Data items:
'''

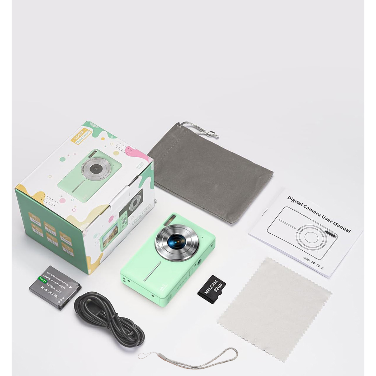 Digital 1080p с картой памяти Micro 32G: благодаря разрешению видео 1080p и до 44 мегапикселей, эта цифровая камера обеспечивает более четкое изображение, чем любая другая камера. Камера для детей также оснащена батареей 700 мАч и картой микро памяти 32 ГБ, так что дети могут запечатлеть любой момент даже во время путешествия.
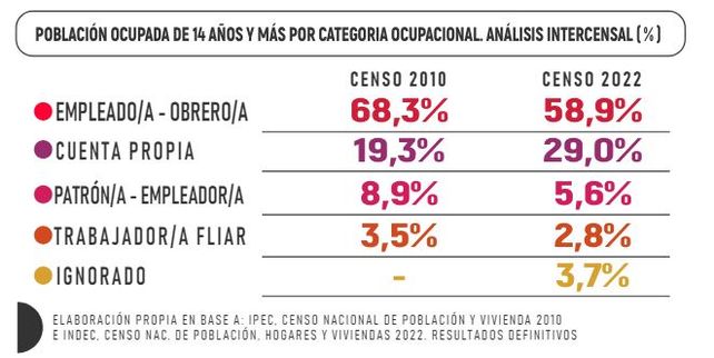 Los datos publicados por Blanco y el equipo técnico de la comisión de Legislación Laboral destacaron que la población asalariada a la que no le descuentan ni aportan jubilación era de 30,9% (en 2010) mientras que hoy se ubica en los 32,3%, a la vez que el trabajo por cuenta propia pasó del 19,3% en 2010 al 29% en 2022. La población que posee cobertura de salud no varió en la última década (el 28,5% y un 28,6% en 2010 y 2022, respectivamente). Es decir, uno de cada tres trabajadores se encuentra sin aportes jubilatorios ni cobertura de salud “producto del aumento de la informalidad laboral”.
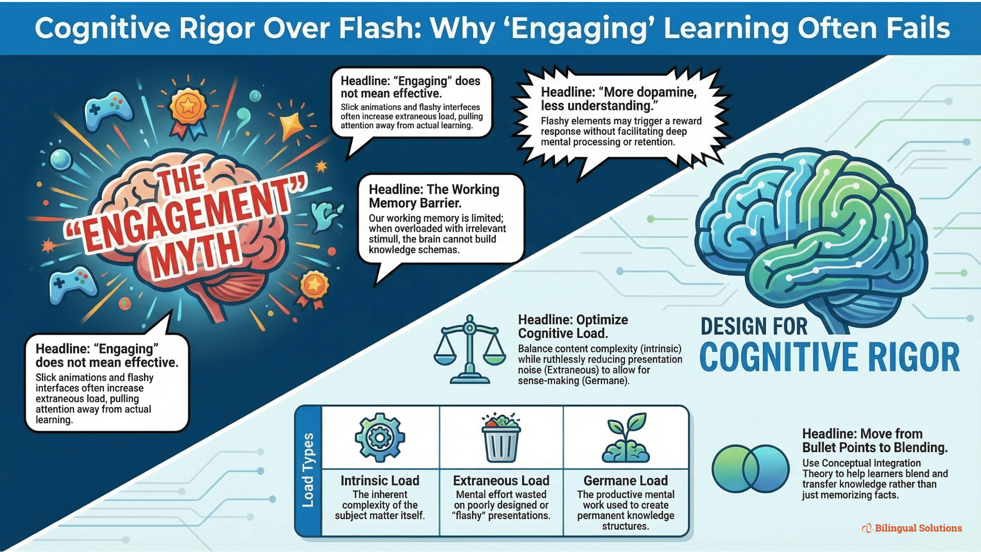 🎆 Flashy interfaces often increase extraneous load by pulling attention toward irrelevant stimuli. The result? More dopamine, less understanding.
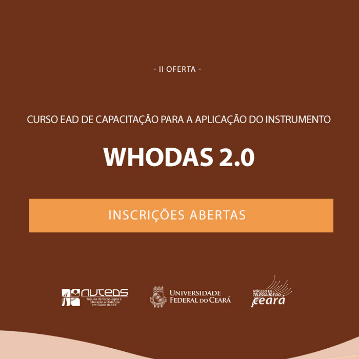 Estão abertas inscrições para a segunda turma da capacitação a distância para a aplicação do instrumento WHODAS 2.0 (World Health Organization Disability Assessment Schedule 2.0). Ao todo, são ofertadas 100 vagas. As inscrições seguem até 12 de agosto via formulário eletrônico.
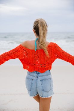 Layer your top and jeans with this scalloped-edged, cropped-short cardigan that ties in the front in an easy bow. Extra-long scalloped bell sleeves add volume and flow to this accessorizing piece. The overall sheer crochet fabrication assures lightweight coverage that shows the top underneath.
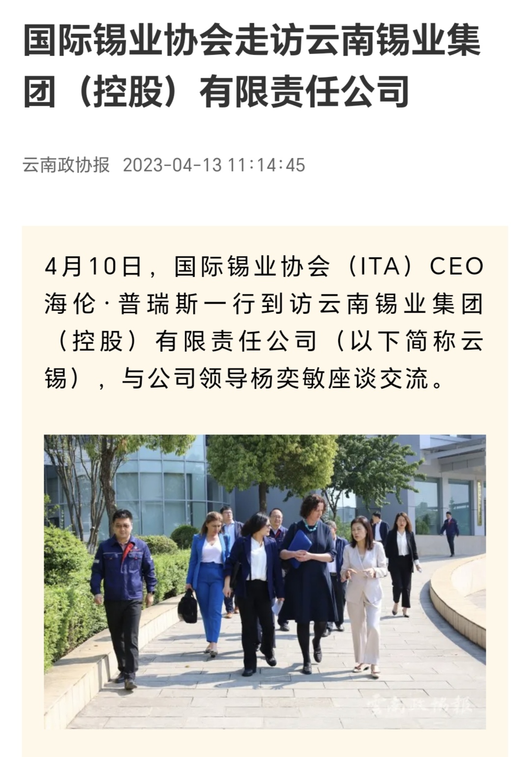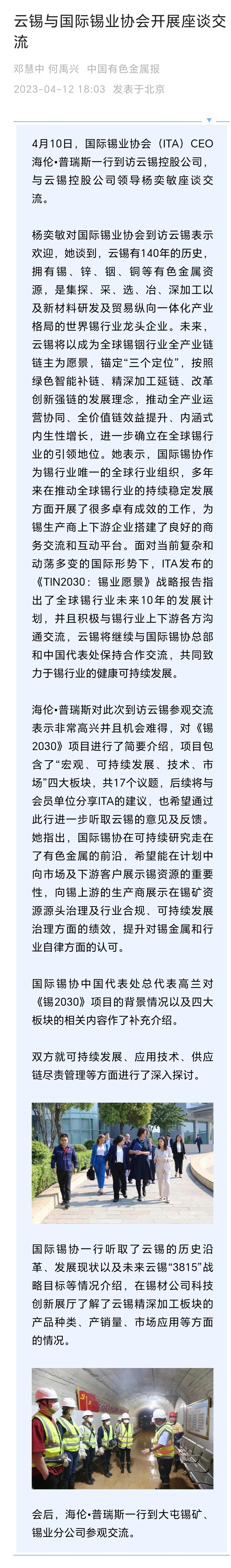 云南政协报、中国有色金属报:云锡与国际锡业协会开展座谈交流
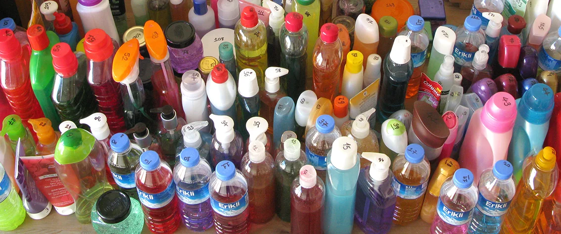 Daily use products of care and cleaning for body and home. Various surface cleaners, WC gels, tooth pastes, mouth washes, shower gels, detergents, softeners, face wash gels, face and body peelings, hand soaps...
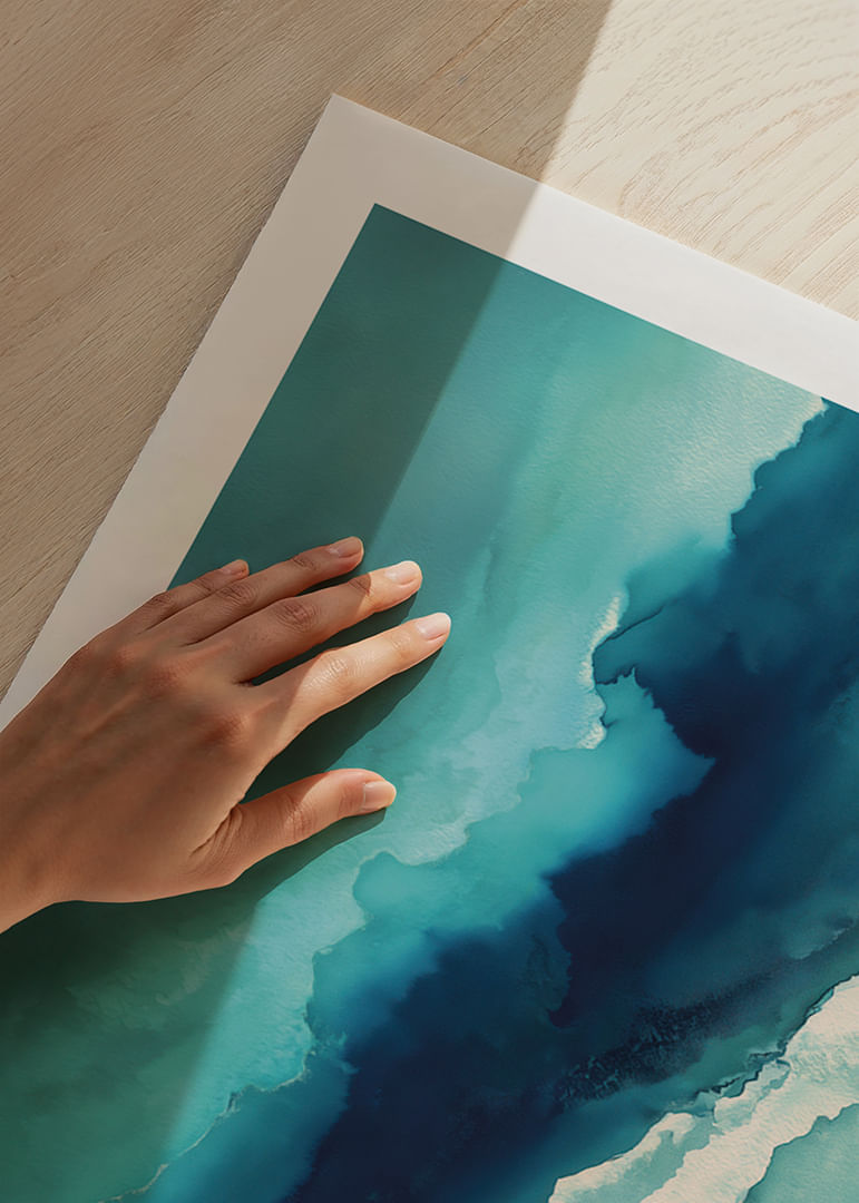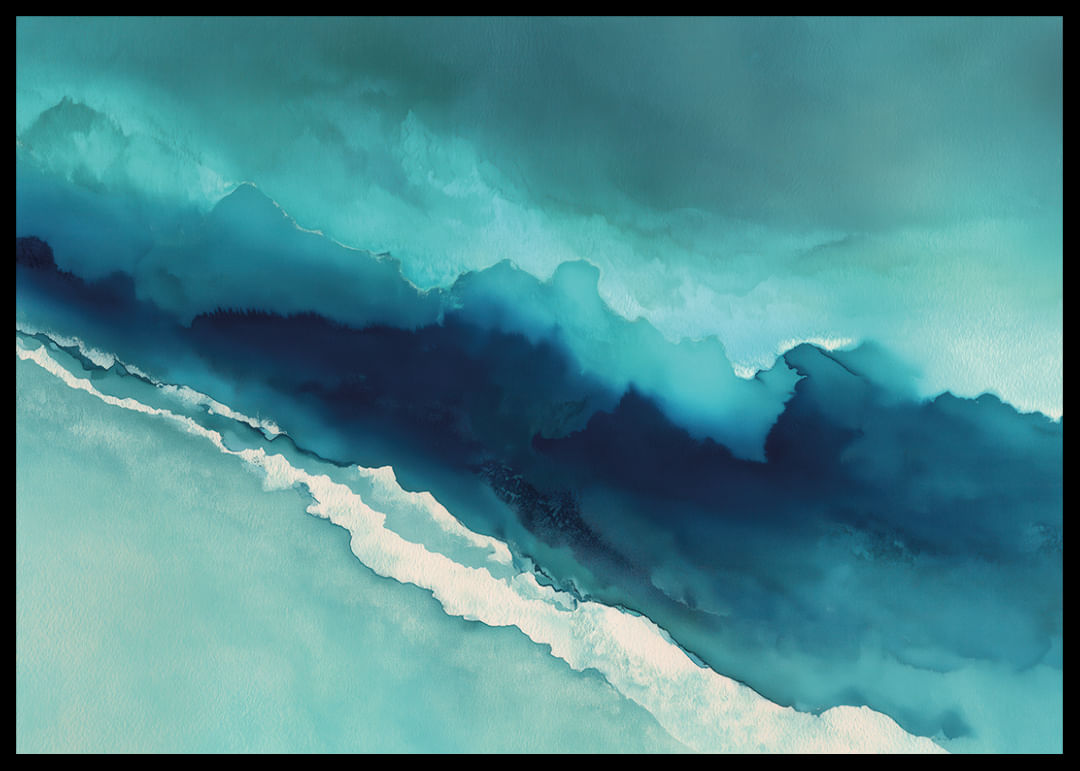 This poster captures a dreamlike world where turquoise and deep blue tones merge into a hypnotic ocean motif. The shifts in color create a calming feeling, reminiscent of the magic of the coast and the mystery of the sea. The poster becomes a focal point in the room, where it infuses the atmosphere with a sense of calm and overview. A perfect addition that enhances the dimensions of the interior.

'''

How to complete this task >> Please output every entry above exactly, without the pictures.

Answer >>
 Digital 1080p с картой памяти Micro 32G: благодаря разрешению видео 1080p и до 44 мегапикселей, эта цифровая камера обеспечивает более четкое изображение, чем любая другая камера. Камера для детей также оснащена батареей 700 мАч и картой микро памяти 32 ГБ, так что дети могут запечатлеть любой момент даже во время путешествия.
 Los datos publicados por Blanco y el equipo técnico de la comisión de Legislación Laboral destacaron que la población asalariada a la que no le descuentan ni aportan jubilación era de 30,9% (en 2010) mientras que hoy se ubica en los 32,3%, a la vez que el trabajo por cuenta propia pasó del 19,3% en 2010 al 29% en 2022. La población que posee cobertura de salud no varió en la última década (el 28,5% y un 28,6% en 2010 y 2022, respectivamente). Es decir, uno de cada tres trabajadores se encuentra sin aportes jubilatorios ni cobertura de salud “producto del aumento de la informalidad laboral”.
 🎆 Flashy interfaces often increase extraneous load by pulling attention toward irrelevant stimuli. The result? More dopamine, less understanding.
 Estão abertas inscrições para a segunda turma da capacitação a distância para a aplicação do instrumento WHODAS 2.0 (World Health Organization Disability Assessment Schedule 2.0). Ao todo, são ofertadas 100 vagas. As inscrições seguem até 12 de agosto via formulário eletrônico.
 Layer your top and jeans with this scalloped-edged, cropped-short cardigan that ties in the front in an easy bow. Extra-long scalloped bell sleeves add volume and flow to this accessorizing piece. The overall sheer crochet fabrication assures lightweight coverage that shows the top underneath.
 云南政协报、中国有色金属报:云锡与国际锡业协会开展座谈交流
 Daily use products of care and cleaning for body and home. Various surface cleaners, WC gels, tooth pastes, mouth washes, shower gels, detergents, softeners, face wash gels, face and body peelings, hand soaps...
 This poster captures a dreamlike world where turquoise and deep blue tones merge into a hypnotic ocean motif. The shifts in color create a calming feeling, reminiscent of the magic of the coast and the mystery of the sea. The poster becomes a focal point in the room, where it infuses the atmosphere with a sense of calm and overview. A perfect addition that enhances the dimensions of the interior.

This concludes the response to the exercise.